WORK ORDER
Print out the data below in full and exactly, skipping the pictures.

PROVIDED DATA
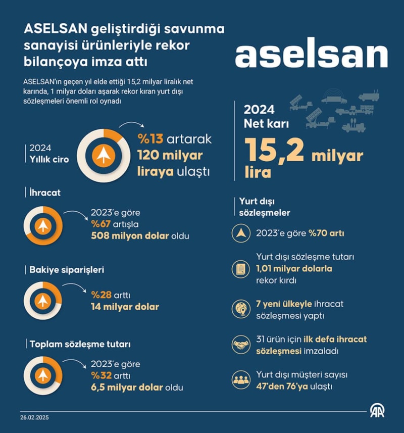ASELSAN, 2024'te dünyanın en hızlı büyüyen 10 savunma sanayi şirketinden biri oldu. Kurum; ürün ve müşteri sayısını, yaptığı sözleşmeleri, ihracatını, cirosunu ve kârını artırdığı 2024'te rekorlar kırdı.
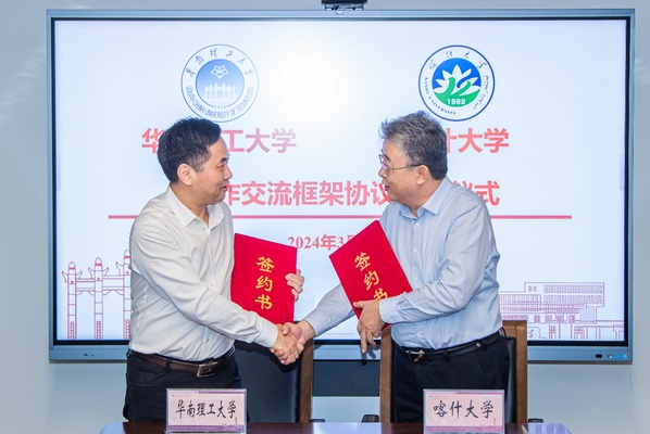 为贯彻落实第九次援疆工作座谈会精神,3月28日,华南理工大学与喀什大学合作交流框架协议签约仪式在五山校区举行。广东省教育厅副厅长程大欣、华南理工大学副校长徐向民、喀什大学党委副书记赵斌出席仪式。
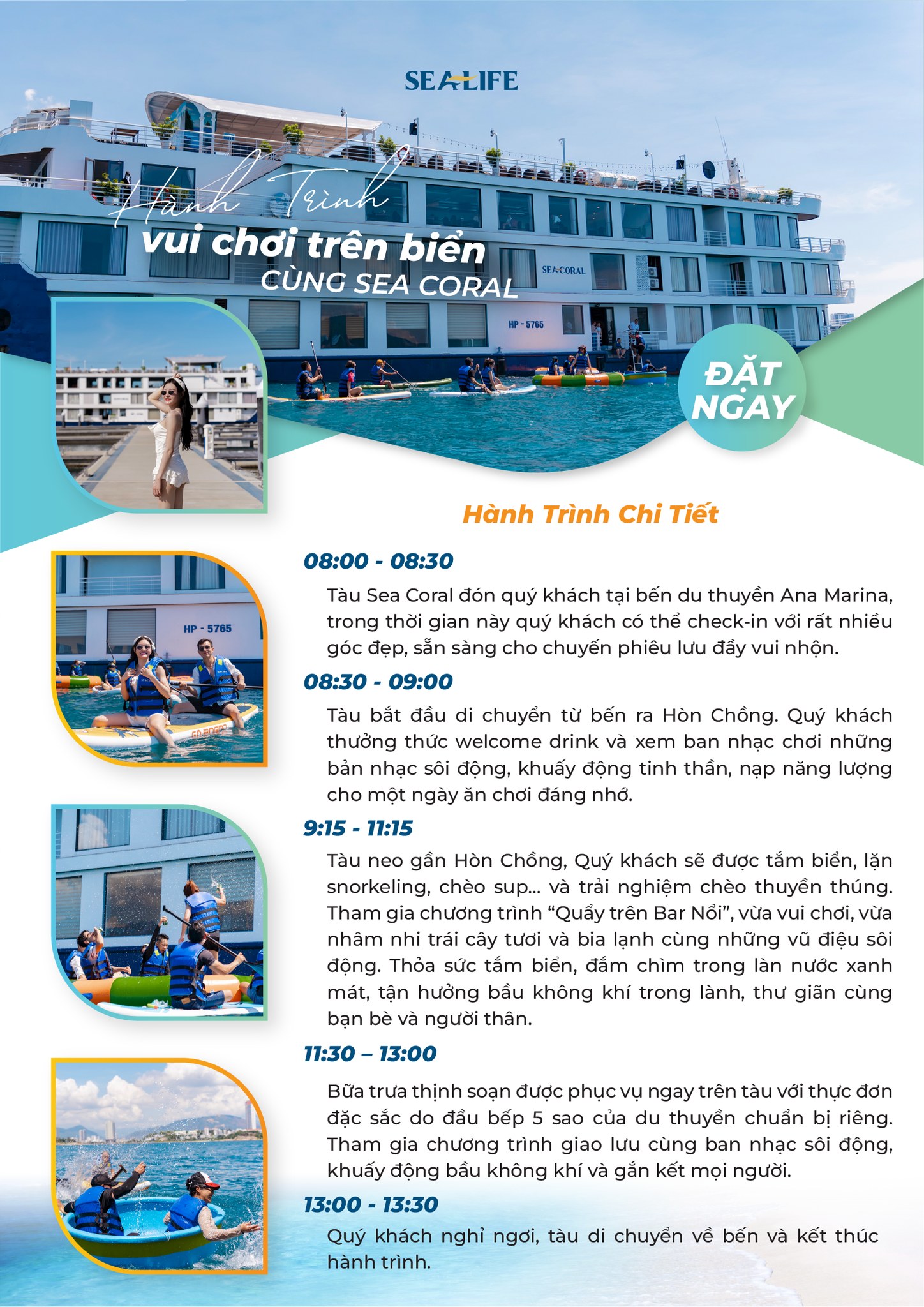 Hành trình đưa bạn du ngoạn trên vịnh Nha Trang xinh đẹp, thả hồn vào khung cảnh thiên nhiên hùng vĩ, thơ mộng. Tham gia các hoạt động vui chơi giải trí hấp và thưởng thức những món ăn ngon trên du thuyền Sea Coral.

SOLUTION TO THE PROBLEM
ASELSAN, 2024'te dünyanın en hızlı büyüyen 10 savunma sanayi şirketinden biri oldu. Kurum; ürün ve müşteri sayısını, yaptığı sözleşmeleri, ihracatını, cirosunu ve kârını artırdığı 2024'te rekorlar kırdı.
 为贯彻落实第九次援疆工作座谈会精神,3月28日,华南理工大学与喀什大学合作交流框架协议签约仪式在五山校区举行。广东省教育厅副厅长程大欣、华南理工大学副校长徐向民、喀什大学党委副书记赵斌出席仪式。
 Hành trình đưa bạn du ngoạn trên vịnh Nha Trang xinh đẹp, thả hồn vào khung cảnh thiên nhiên hùng vĩ, thơ mộng. Tham gia các hoạt động vui chơi giải trí hấp và thưởng thức những món ăn ngon trên du thuyền Sea Coral.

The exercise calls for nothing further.